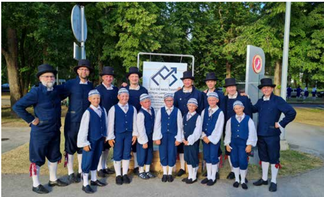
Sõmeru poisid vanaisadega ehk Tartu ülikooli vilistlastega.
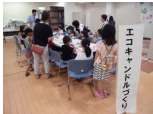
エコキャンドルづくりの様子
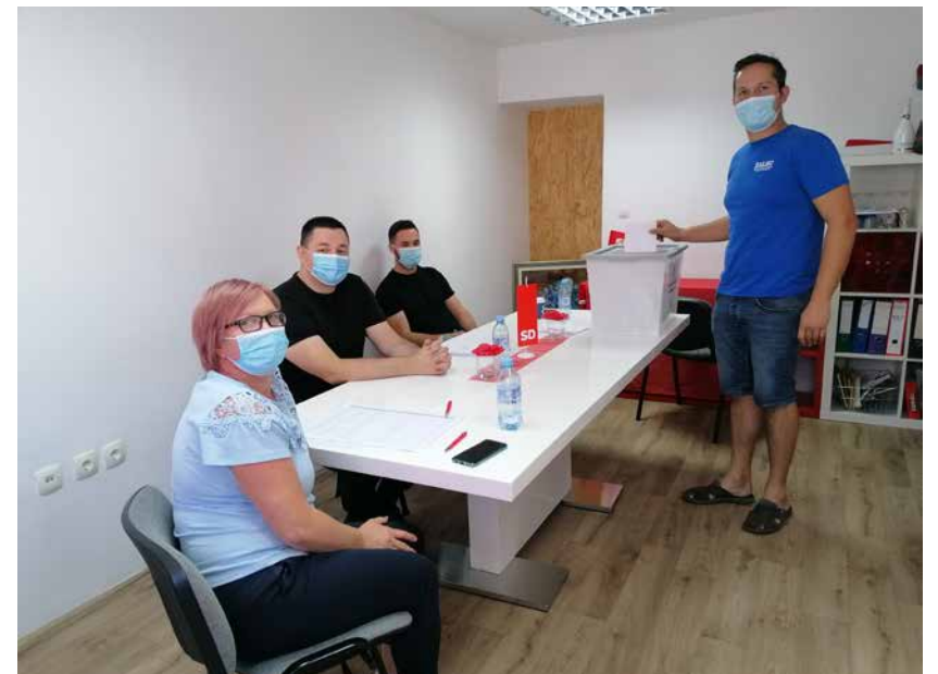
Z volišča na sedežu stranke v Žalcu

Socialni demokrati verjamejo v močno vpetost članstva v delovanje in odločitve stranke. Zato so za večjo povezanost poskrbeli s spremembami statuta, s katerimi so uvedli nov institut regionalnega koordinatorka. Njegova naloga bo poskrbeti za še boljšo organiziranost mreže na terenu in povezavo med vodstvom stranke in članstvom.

◆ **Task directions**
For the listing above, state how many lines contain the string "stranke". Give the number and nothing else.

◆ **Response below**
2